-- Opening Marker --

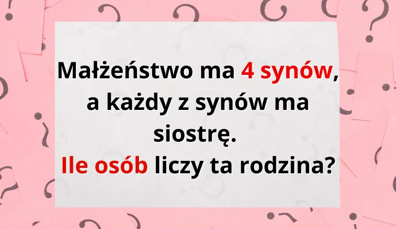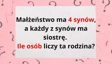 “Małżeństwo ma 4 synów, a każdy z synów ma siostrę. Ile osób liczy ta rodzina?".
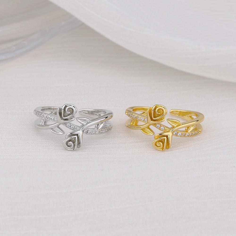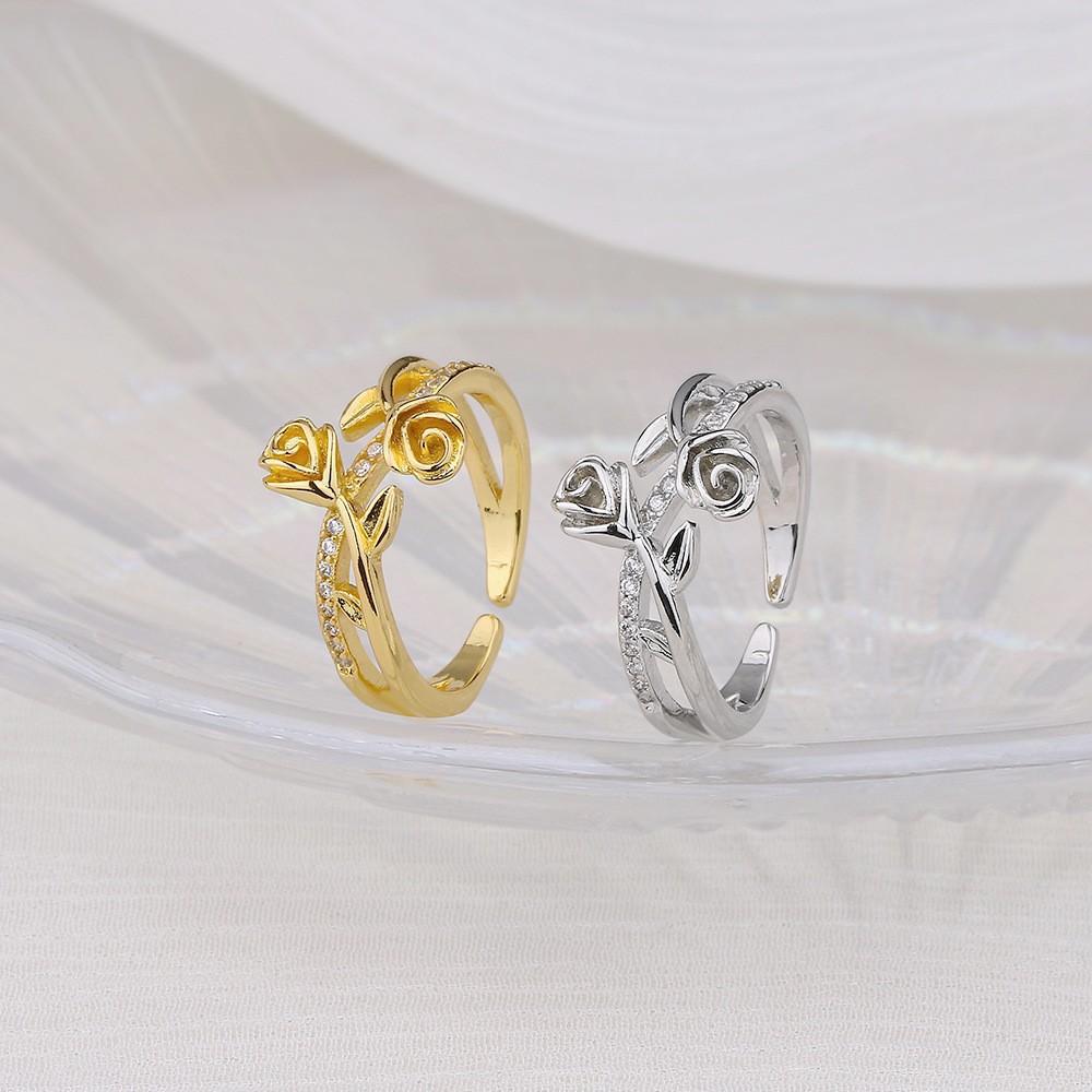 Anillo de Flor de Diamante para Mujer Nuevo Estilo Transfronterizo Estilo Francés Personalizado Doble Capa Ajustable Anillo Rosa Gemelo
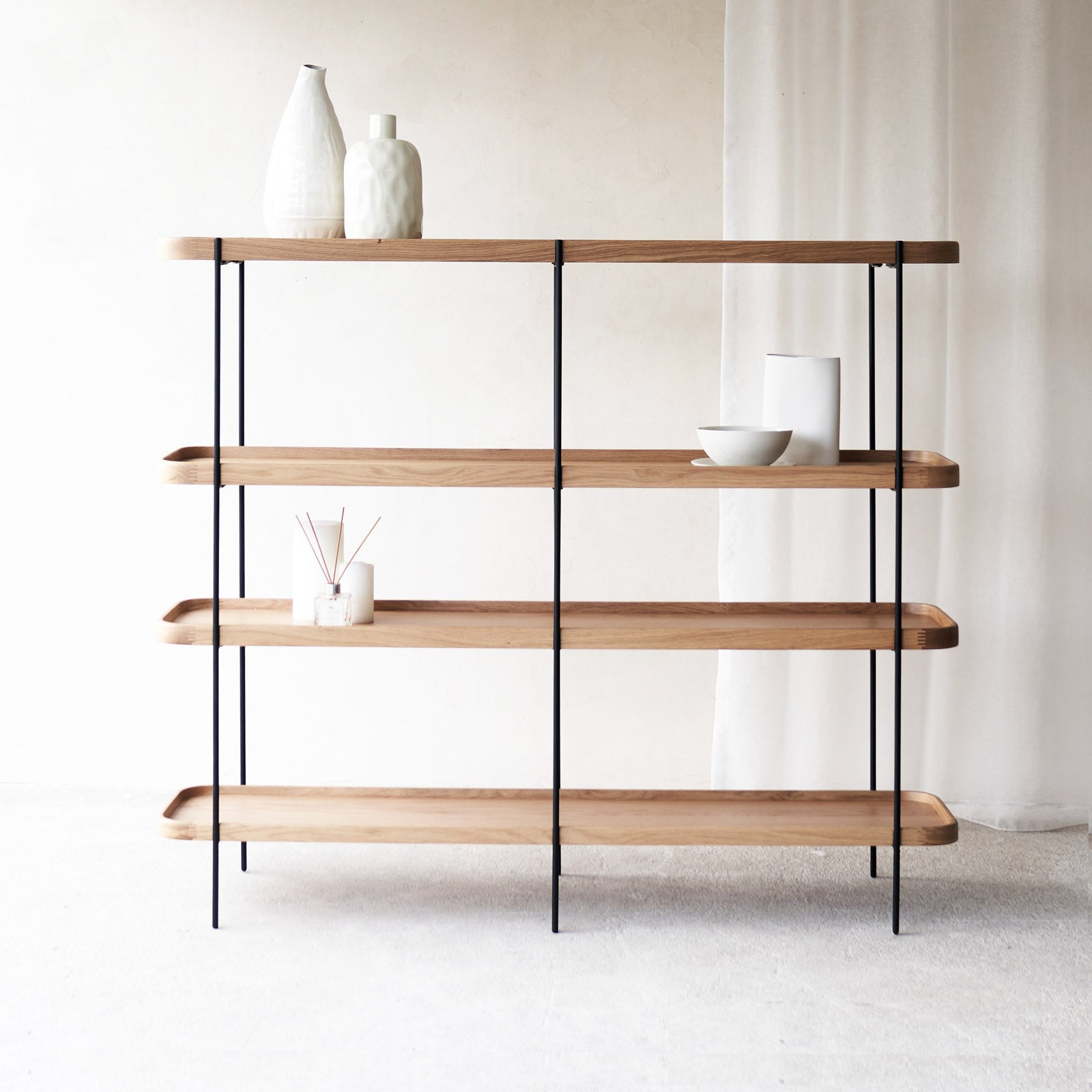 The Humla Tall Oak Rack provides excellent use and function with its four-tiered design and makes fantastic company in any living room. Its sleek frame is sturdy and reliable, holding up dual table tops which allow extra capacity to hold or display your favourite homewares and accessories. Leaving a creative statement wherever its placed, the Humla appeals to the tidy and modern living spaces.

-- Closing Marker --

▶ [Problem] Write out again exactly the lines from the start of the data above through the line containing "Anillo de Flor", inclusive, excluding any pictures.

▶ [Reply]
 “Małżeństwo ma 4 synów, a każdy z synów ma siostrę. Ile osób liczy ta rodzina?".
 Anillo de Flor de Diamante para Mujer Nuevo Estilo Transfronterizo Estilo Francés Personalizado Doble Capa Ajustable Anillo Rosa Gemelo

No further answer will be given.